I can’t use another one of the normal UARTs to become the necessary TX in my current config.

Is it possible to modify this GPIO pin to be used as a serial TX (Baudrate 115200) or am I stuck?

Any help greatly appreciated, thanks in advance!

hello aquavivafernandes_tx2,

please access TX2 Product Design Guide and check [Table 74. UART Pin Descriptions].
you may also refer to [Figure 46. UART Connections] to have alternative UARTs.

Even if you could use GPIO the ability to have properly timed I/O would be virtually impossible. The reliability would be close to zero. Use an actual UART. If you don’t have enough of the built in UARTs, then use USB serial UARTs.

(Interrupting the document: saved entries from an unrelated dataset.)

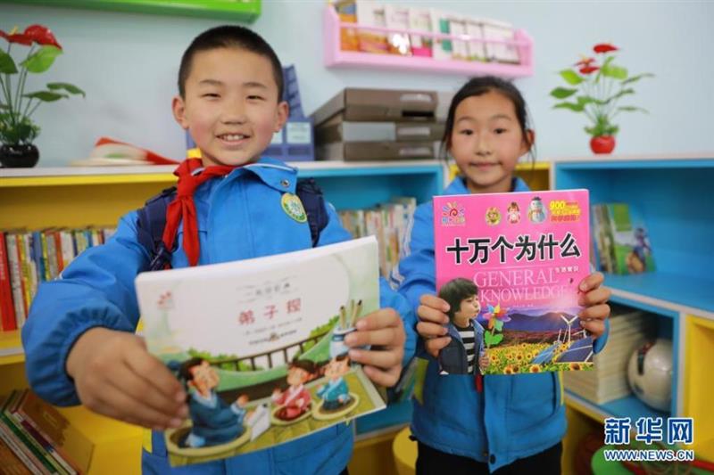 4月22日,在蘭州新區(qū)第二小學,孩子們展示收到的新書。
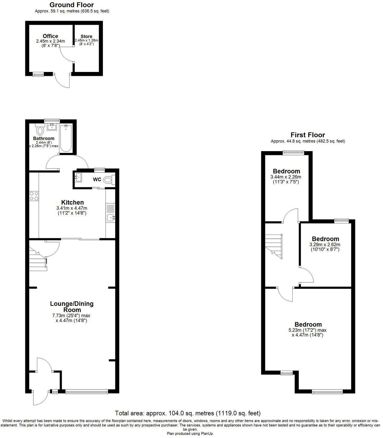 A separate rear outbuilding provides a dedicated office and a useful store room, offering flexible space for remote working, hobbies, or additional storage.
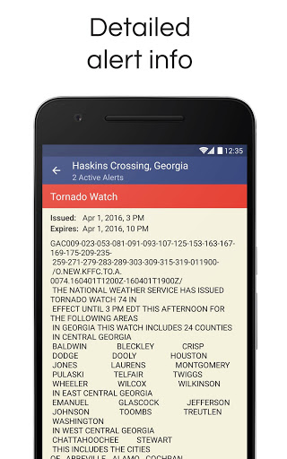 Take a look at current weather conditions or take the most of the top-notch functionality of the weather radar. Get a push notification whenever an alert is issued (tornadoes, flood warnings, snow storms, and more) without opening the app!
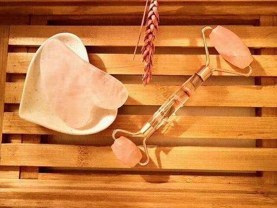 Ce coffret Gua Sha & Roller en quartz rose stimule la circulation et le drainage lymphatique pour atténuer cernes et poches,
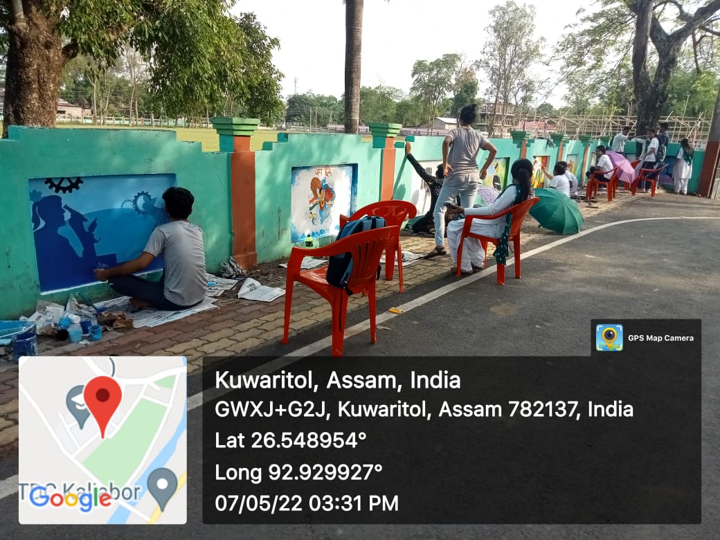 | 42 | Festival of Learning: Living Art: | On the occasion of Golden Jubilee celebration of the Kaliabor College, a 2 days painting festival was organized by NSS Cell in collaboration with Students’ Union & IQAC on 7 & 8 May, 2022. Famous painter Neelim Mahanta and his team attended the occasion as a Resource person. The program was well attended by the students of Kaliabor College as well as by the students of Kaliabor Girls’ Higher Secondary School. In the two days of time, the students were guided by the team and created massive artworks within the college campus. | 2022-05-07 | View File |
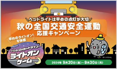 2024年の内閣府推進「秋の全国交通安全運動」の重点項目のひとつに掲げられている「ヘッドライトの早期点灯」に協力するため、ヘッドライトの早めの点灯を体感できるゲームを作り、「秋の全国交通安全運動」を応援しました。
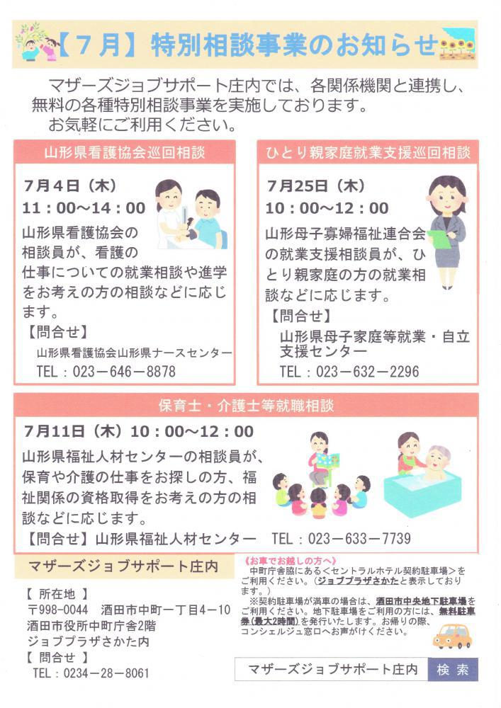 マザーズジョブサポート庄内では、各関係機関と連携し、各種特別相談事業を実施しております。ぜひ、ご利用ください。 山形県看護協会巡回相談 ※お申し込み不要 日時 7月4日(木)11:00〜14:00 場所 マザーズジョブサポート庄内 セミナールーム 問合せ 山形県看護協会 пF023-646-8878 HP:http://www.nurse-yamagata.or.jp/ 看護の仕事への復職をお考えの方、お気軽にご相談ください。 保育士・介護士等就職相談 ※お申し込み不要 日時 7月11日(木)10:00〜12:00 場所 マザーズジョブサポート庄内 セミナールーム 問合せ 山形県福祉人材センター пF023-633-7739 HP:http://www.ymgt-shakyo.or.jp/jinzai/ 保育士・介護士・看護師など資格をお持ちの方や、 資格取得を目指している方、福祉職にご関心のある方は お気軽にお越しください。 ひとり親家庭就業支援相談 [要予約] 日時 7月25日(木)10:00〜12:00 場所 マザーズジョブサポート庄内 セミナールーム 問合せ 山形県母子家庭等就業・自立支援センター пF023-632-2296 HP:http://www.y-boshi.com/self-support/ ひとり親家庭の方や今後について考えている方、 どうぞお気軽にお越しください。 ※ご利用希望の方は、マザーズジョブサポート庄内への ご登録が必要となります。 ※ご相談の際、お子さまの託児は『保育ルームきらきら』を ご利用いただけます。 事前にご予約が必要です。 ※各相談会について、利用ご希望の方は、 マザーズジョブサポート庄内 マザーズ・コンシェルジュまで お気軽にお声掛けください。※ご相談の際、お子さまの託児は『保育ルーム きらきら』をご利用いただけます。 託児ルームのご利用には、事前のご登録が必要です。 【駐車場について】 お車でお越しの際は、中町庁舎脇にある 〈セントラルホテル契約駐車場〉をご利用ください。 (ジョブプラザさかたと表示してあります。) ※契約駐車場が満車の場合は、 酒田市中央地下駐車場をご利用ください。 酒田市中央地下駐車場をご利用の方は、無料駐車券(最大2時間)を 発行いたします。 お帰りの際に、コンシェルジュ窓口へお声がけください。 ◇お申込み・お問い合わせ◇マザーズジョブサポート庄内TEL:0234-28-8061
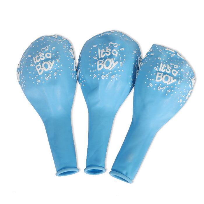 Pakken indeholder 10 latexballoner i lyserød med teksten "It's a girl" eller i blå med teksten "It's a boy".
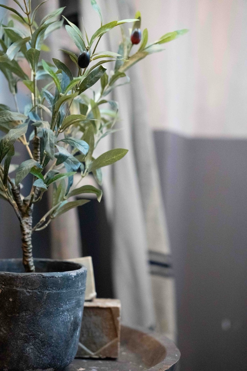 Deze set kunst olijfbomen in pot brengt direct een rustige, mediterrane sfeer in huis. De verfijnde blaadjes en subtiele olijven geven elke boom een natuurlijke en realistische uitstraling. De bijpassende pot met sobere afwerking zorgt voor een stoere, tijdloze look die perfect past binnen een landelijk, sober of modern interieur.
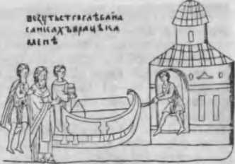 Мал. І Несуть ce Бориса на погре- Мал. 2. бенмя Із »Сказання про святих Бориса та Гліба».
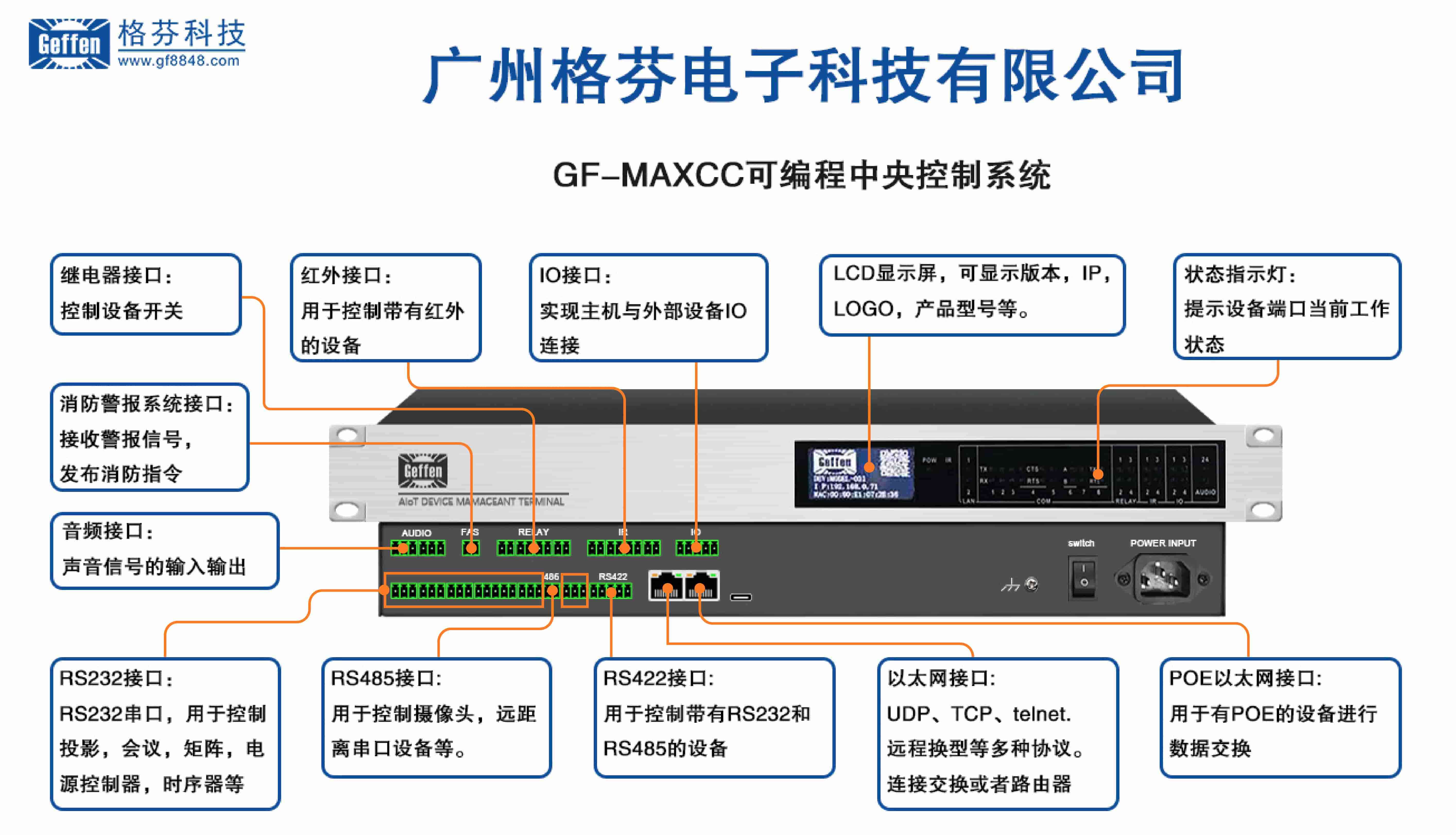 •多种通信:支持RS-232、RS-422、RS-485、ModBus、TCP服务/客户端、UDP、HTTP、PJLINK、Websocket,可扩展Zigbee通讯、KNX通讯;
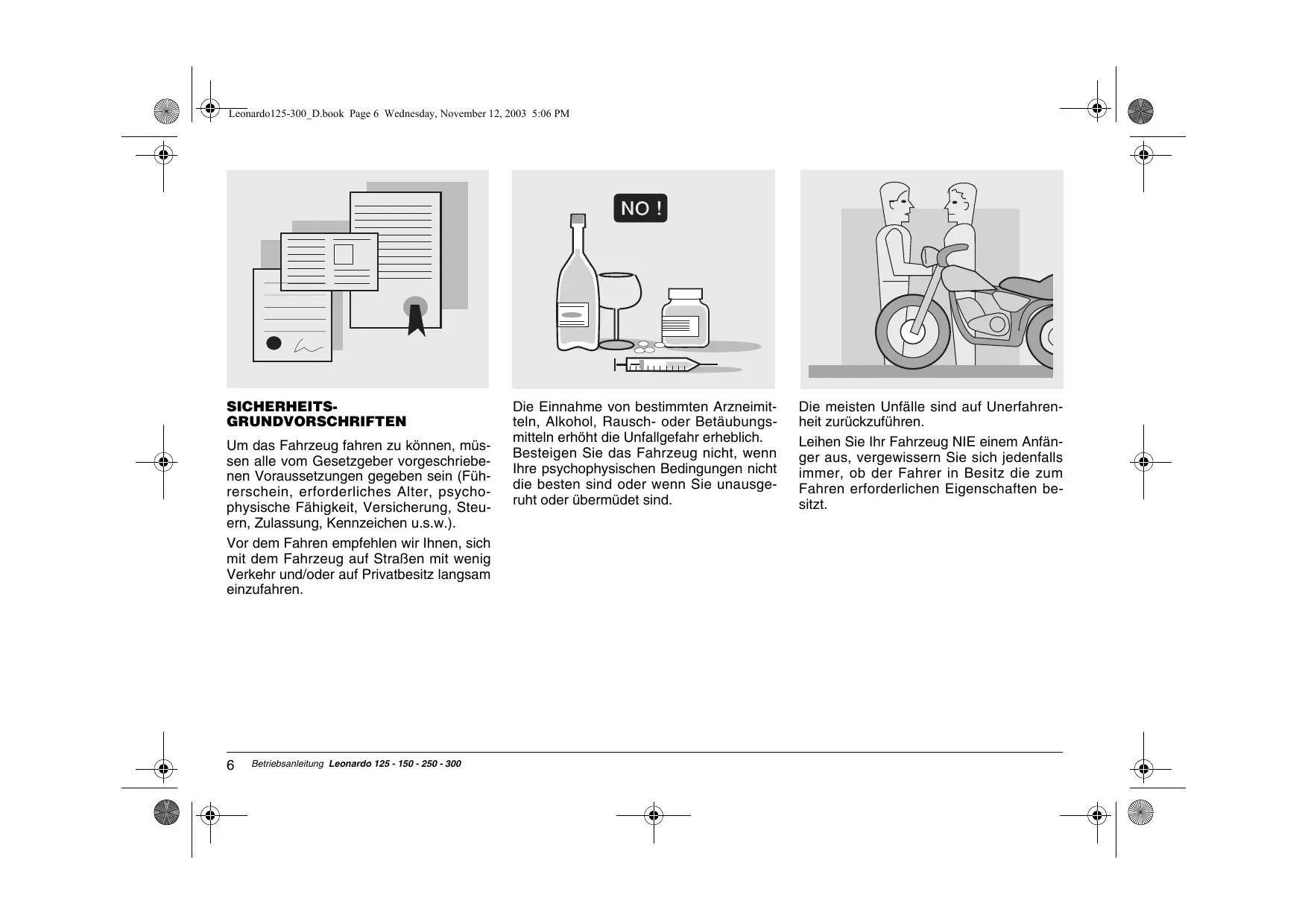 Leonardo125-300_D.book Page 6 Wednesday, November 12, 2003 5:06 PM SICHERHEITSGRUNDVORSCHRIFTEN Um das Fahrzeug fahren zu können, müssen alle vom Gesetzgeber vorgeschriebenen Voraussetzungen gegeben sein (Führerschein, erforderliches Alter, psychophysische Fähigkeit, Versicherung, Steuern, Zulassung, Kennzeichen u.s.w.). Vor dem Fahren empfehlen wir Ihnen, sich mit dem Fahrzeug auf Straßen mit wenig Verkehr und/oder auf Privatbesitz langsam einzufahren.

I do think it is possible to use it as GPIO. The best option would be to write the code and execute it with the Cortex-R5 (SPE). This will give you the tightest possible control and very deterministic behavior. You would of course have to create a mailbox type system (or reuse something NVIDIA has) to communicate from your Linux kernel to the SPE.

Another option would be to write very tight code that executes with interrupts disabled on the Cortex-A57. I think this would be possible as well, if you are using the proper CPU core to do it and you don’t mind writing some ARM assembly. If you put some compiler directives around the code you might be able to stick to straight C code. You will definitely need to dive into the Parker TRM or study the existing tegra GPIO driver to understand how to do the low-level set and clear of the GPIO without relying on the existing kernel GPIO APIs. Having an understanding of the ARM instruction set and knowing how the C compiler generates the underlying assembly would be a definite plus for the task. If you don’t have that kind of expertise you would probably be better off paying someone else with the expertise. :-)

The one plus you have is you aren’t trying to do bit-bang UART RX.